Khadafi pode ser um dos homens mais diabolizados do momento, mas do líder líbio, o moçambicano João Cule e família receberam sempre “simpatia”, entre beijinhos inesperados em Maputo até ao tratamento médico na Líbia, às expensas do coronel.
Depois de ter sido tratado ao coração num dos melhores hospitais de Tripoli, hospedagem num hotel de quatro estrelas, ir a passeio num boeing 737 apenas com a tripulação e a sua família, até Benghazi, tudo a convite de Muammar Khadafi, o mecânico João Cule aceita a custo que é o seu benfeitor que está sob ataques de uma força multinacional autorizada pelas Nações Unidas.
“É muita pena, como pessoa, porque Muammar Khadafi, sem me conhecer, e do nada, ajudou-me pessoalmente e ajudou muitos países africanos”, lamenta, em entrevista à Lusa, no recato da sua casa no bairro do Alto-Maé, na capital moçambicana.
De fala lenta e acanhado, João Cule, agora com 67 anos, demonstra segurança, quando lembra que foi em 2003, durante uma deslocação oficial do chefe de Estado líbio a Maputo, que ele e a sua família receberam o convite de Muammar Khadafi para tratamento médico aos problemas cardíacos de que vinha padecendo.
“A secretária particular do Presidente (Muammar Khadafi) simpatizou com a minha filha na loja em que ela trabalha. Ela apresentou a minha filha e as irmãs ao Presidente, receberam dois beijinhos cada e tiveram logo o convite do próprio para ir à Líbia”, conta João Cule.
Nas conversas com a secretária particular e com algumas das famosas guarda-costas de Khadafi, falou-se também da doença do pai e o convite incluiu tratamento médico.

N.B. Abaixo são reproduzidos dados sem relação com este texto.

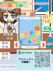 Unity製のゲームで操作はマウスクリックで決定、左右キーで移動、スペースキーで落とすとか。ビーカーのステージ内にブロックを落として同じものが2つくっつくと分裂して加点、上まで積み上がるとゲームオーバーとなる。難易度は低めで、雑にやっててもだいたい消えてくれるはず。ゲームとしての手応えは薄いけど時々連鎖で一気に消える感触はまずまず、また奥の白衣女子が反応してくれる点も良く個人的にはそこそこ楽しめました。はい。自分の最高は75920点で飽きたのでプレイ打ち切り。時間制限があればランキング目指してのプレイもより楽しめたかもしれん。
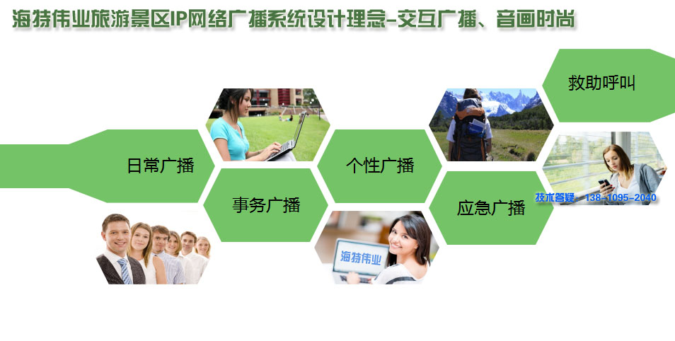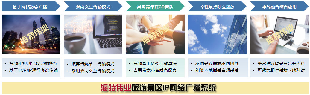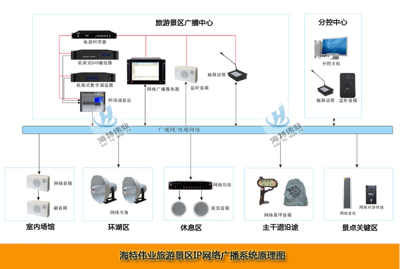 海特伟业旅游景区IP网络广播系统,是综合应用当今世界广泛使用的TCP/IP网络技术的基础上, 采用“平战融合、创新应用”的一体化先进理念设计的,集“日常广播、事务广播、个性广播、应急广播、求助呼叫”等多种功能于一体,构建的基于IP网络的新一代交互双向、音画时尚旅游景区广播系统。该系统是一套纯数字传输的双向音频扩声系统,彻底解决了传统广播系统存在的音质不佳,维护管理复杂,缺乏互动性等问题,真正实现了计算机网络、数字视频监控、公共广播的多网合一。是适应时代发展趋势的,最具前瞻性、应用性、科学性的新一代广播系统。
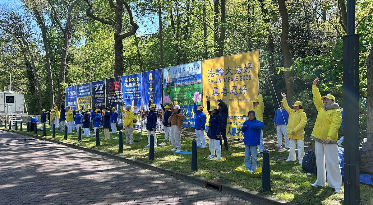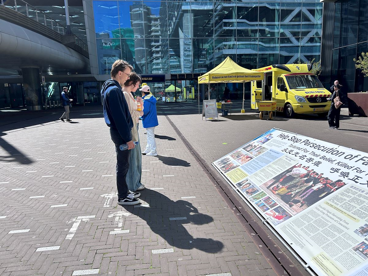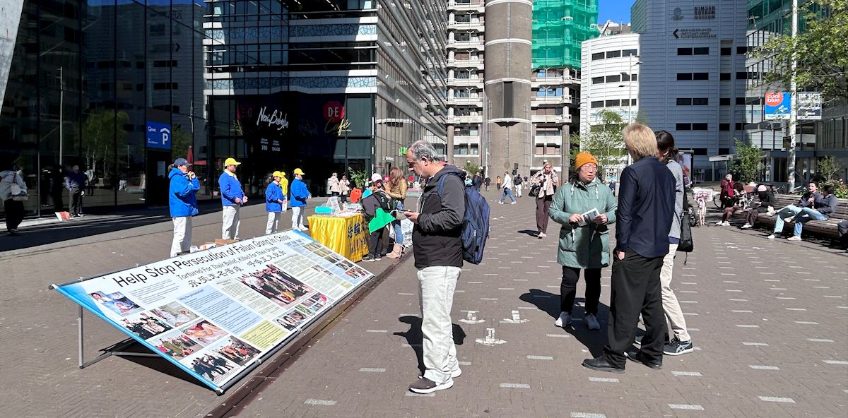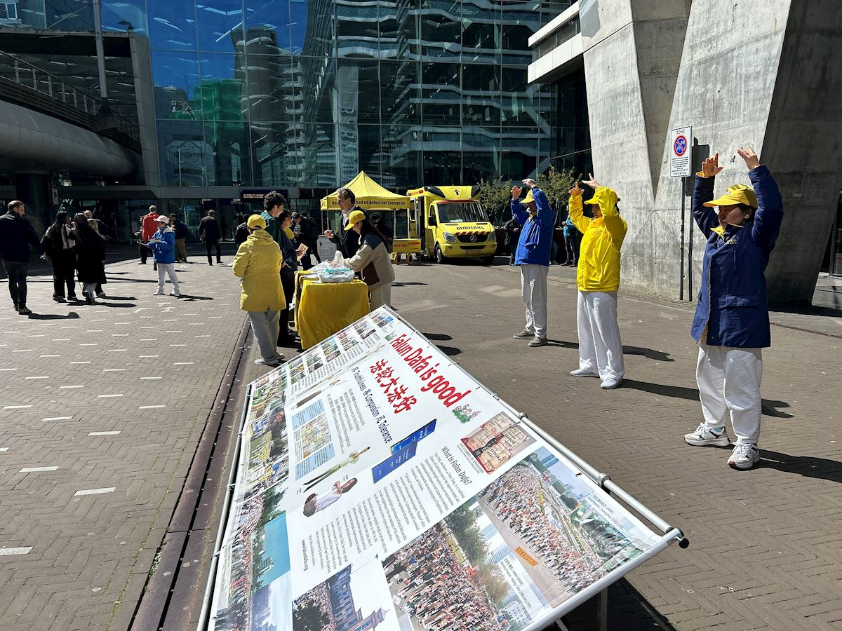 四月二十三日下午,學員們在荷蘭眾議院(議會開會地點)臨時辦公地點附近的貝祖登豪茨路(Bezuidenhoutseweg)和海牙中央火車站(DenHaag Center Station)附近布置展板,集體煉功,向過往民眾講述法輪功真相。

“No dia seguinte ao encontro com o Presidente, de manhã, ligou-nos o embaixador da Líbia, na altura era Abdala Anofeli e perguntou-nos se podíamos ir à Líbia, uma vez que o Presidente convidou e vai pagar tudo”, relata Lídia Cule.

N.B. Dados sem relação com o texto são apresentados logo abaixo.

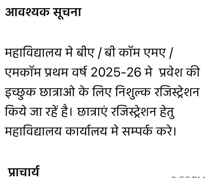 सत्र 2024-25 की बीए, बीकाम एव् बीएससी अंतिम वर्ष मे अध्यनरत 465 छात्राओ की सूची आपको प्रेषित की जा रही है जिनका E Aadhar वेरिफिकेशन होना है, कृपया छात्राओ का शीघ्र E Aadhar वेरिफिकेशन कराना सुनिश्चित करें ।
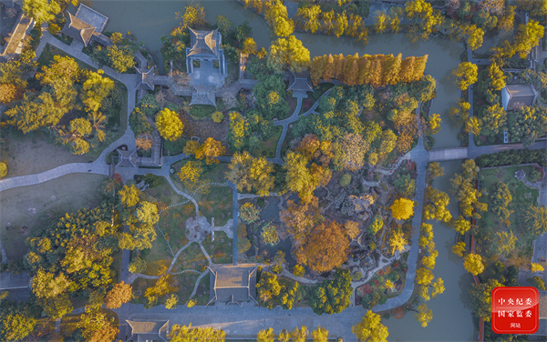 江苏省淮安市百年园林清晏园内,五彩斑斓,景色迷人,与园林古建相映成趣,构成一幅和谐画面。(江苏省淮安市淮阴区纪委监委供 陈光晰 摄)
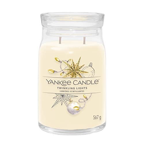 SummaryA blend of sparkling citrus scents drifting on warm muskAuthentic ingredients and premium soy wax blend for vibrant colour and a clean, even burnSleek glass jar with hand-illustrated fragrance designs for a décor-friendly finish that complements any spaceDouble wicks made of 100% natural fibres enhance the ambience and provide a room-filling fragrance experienceWith an on-trend design and long burn time, the Signature Collection makes an ideal gift for every occasionSignature Scented Candle | Twinkling Lights Large Jar Candle with Double Wicks | Soy Wax Blend Long Burning Candle | Perfect Gifts for Women DescriptionYankee Candle Signature Scented Candle | Twinkling Lights Large Jar Candle with Double Wicks | Soy Wax Blend Long Burning Candle | Perfect Gifts for Women
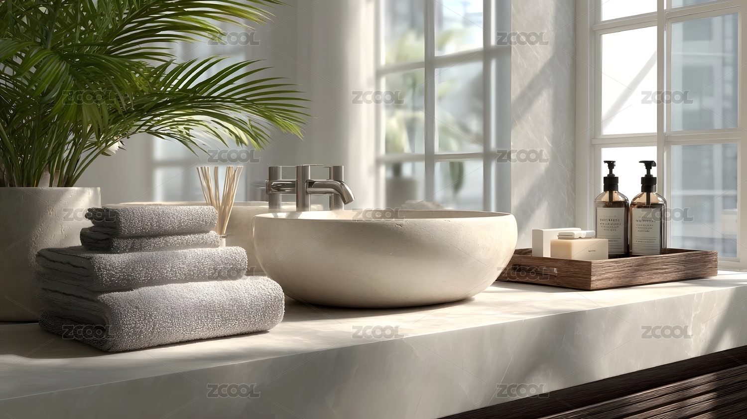 明亮洁净的浴室场景

Aceitar não foi fácil e diz logo as razões da hesitação: “Temia, porque ouvia isto e aquilo acerca do presidente Khadafi”, recorda João Cule, da reação ao convite do líder, cujas ameaças de esmagar “impiedosamente” a rebelião levaram a ONU a ordenar ataques à Líbia.
Mas o que parecia uma aventura, acabou como uma visita de sonho para João Cule e três dos seus filhos – a mulher não aceitou, porque temia Khadafi pelo que ouvia - e serviu para desmistificar a ideia de “monstro” que se criou à volta do chefe de Estado líbio.
Muammar Khadafi não estava só preocupado com a saúde do mais velho da família Cule, mas também com a felicidade dos três filhos que o acompanhavam.
“Quando as secretárias e as guarda-costas do Presidente quisessem viajar, iam buscar-nos ao hotel e também íamos. No início, fiquei um pouco assustada, porque eu nunca tive o prazer nem de apertar a mão a um dos nossos presidentes, ele é muito protegido, mas sempre nos tratou com muita simpatia, foi muito prazer para mim”, afirma Lídia Cule.
Das conversas com o estadista líbio, “sempre vestido de roupões”, Lídia Cule sublinha a insistência para que ela fizesse o ensino universitário na Líbia, aprendesse árabe (chegou a ter uma professora para o efeito) e se convertesse ao islamismo.
Mas, o calor, a distância da família e as saudades de Moçambique levaram os Cule a pedir o regresso à casa, após cerca de 45 dias passados entre o hotel, hospital e tendas do líder líbio.